Except it doesn't list that on the package. The package lists a glutamine in position 30 and Citron has found glutemic acid. Big difference. Major labeling issue.
You can't put this on the package insert:
And then actually ship this:
That would certainly cause some people to rethink the mental gymnastics they've done in order to convince themselves that Citron has simply issued a bogus report.
I want to assure Jack that my skeptical view on the company is not a product of me being short. Me being short is a product of my skeptical view on the company - I did my research first, found that there are questionable ethics at play, identified Citron's concerns, and then went short. So, your argument that I'm simply writing about the company because I'm short isn't cogent. As Ackman says, "I would have loved to have just gone long Herbalife - if the company wasn't a pyramid scheme." Along those same lines, I would have loved to have bought into the QCOR story and went long - come on, who doesn't love massive growth - but, there are red flags I still cannot ignore.
4. With regard to Acthar's ARDS Phase II trial:
With corticosteroids not addressing the problem sufficiently, the theory to search for something to address the improper inflammatory response and prevent permanent damage or death is important. Dismissing the possibility for Acthar benefit would be unwise.
Dismissing the possibility of Acthar and simply saying there's no evidence yet are two different things. If Acthar is found, properly, to have efficacy for whatever indication - great, more power to Questcor and perhaps they did find the holy grail. However, why aren't we suggesting getting the efficacy results first and then applying the drug after? The cart is in front of the horse. Pretty sure we're going to be using Acthar to treat a runny nose, and then we'll be "waiting on the results" and touting that since Acthar has been prescribed for runny noses, no one has died of a runny nose and 100% of patients got better. Sound absurd? That's how longs thinking sounds to me.
To conclude, this morning's article supplants hypotheticals and circumstantial evidence for finite evidence.

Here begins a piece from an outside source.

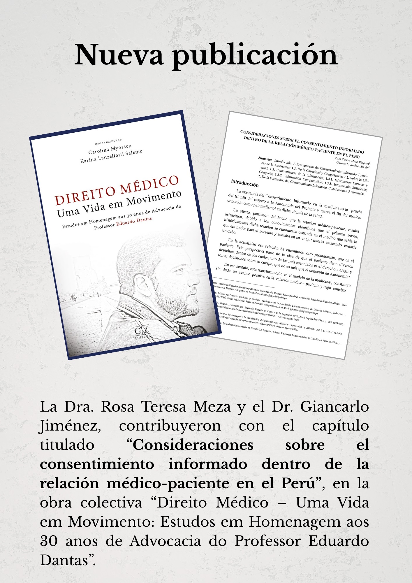 La Dra. Rosa Teresa Meza y el Dr. Giancarlo Jiménez, socios fundadores de Meza & Jiménez Abogados, participaron como coautores en la obra colectiva “Direito Médico – Uma Vida em Movimento: Estudos em Homenagem aos 30 anos de Advocacia do Professor Eduardo Dantas”, publicada en Río de Janeiro por GZ Editora, bajo la coordinación de Carolina Mynssen y Karina Lanzellotti Saleme.

There are no finite points of data in this piece that suggest anything else about Acthar than what we know from the evidence.
The evidence, as of right now, says the following:
- Questcor admits that Citron's Lab Results are correct and that they're selling deamidated ACTH
- Deamidated ACTH is not what is on Acthar's label
- We don't have clinical efficacy for ACTH in many of Questcor's indications - deamidated or not
- Insurance companies seem to think Acthar isn't "medically necessary"

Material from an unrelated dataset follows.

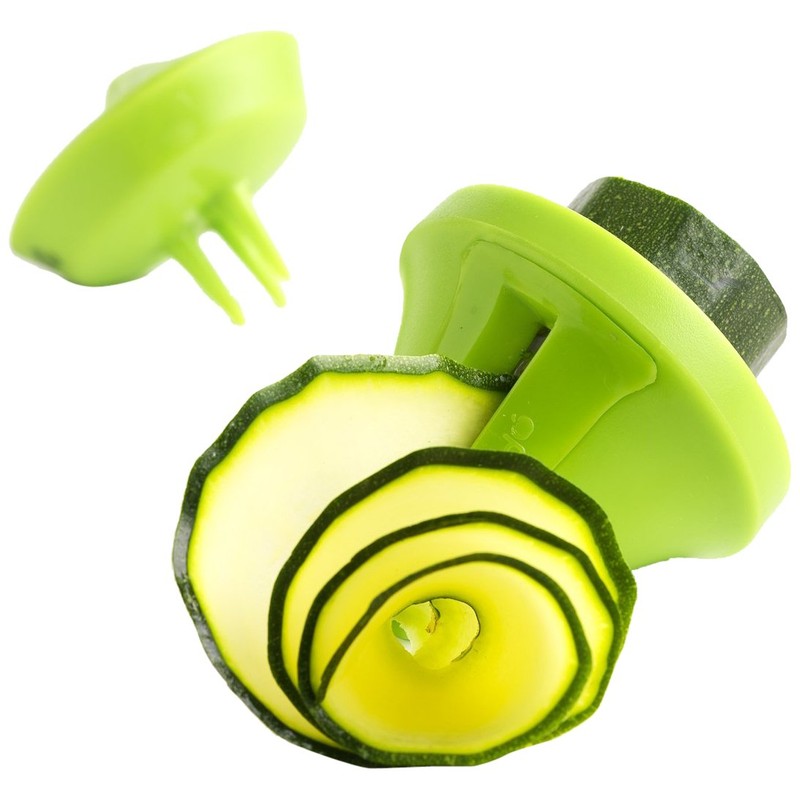 - ''' Deco Veggie-Slicer by Mastrad#||# A fun, easy way to enjoy vegetables; replace your favorite pasta with a flavorful vegetable alternative#||# Creates 3 different cuts: ribbons, 1/6-inch juliennes and 1/3-inch juliennes#||# Finger guard included for safety, while ensuring you can slice the entire vegetable without any waste#||# Optimum storage: 3 slicing heads and safety guard stack together to take up minimum space'''

Those are all irrefutable facts. Do with them what you may.
Best of luck to all investors here - I encourage keeping a skeptical mind.
Disclosure: The author is short QCOR. The author wrote this article themselves, and it expresses their own opinions. The author is not receiving compensation for it (other than from Seeking Alpha). The author has no business relationship with any company whose stock is mentioned in this article.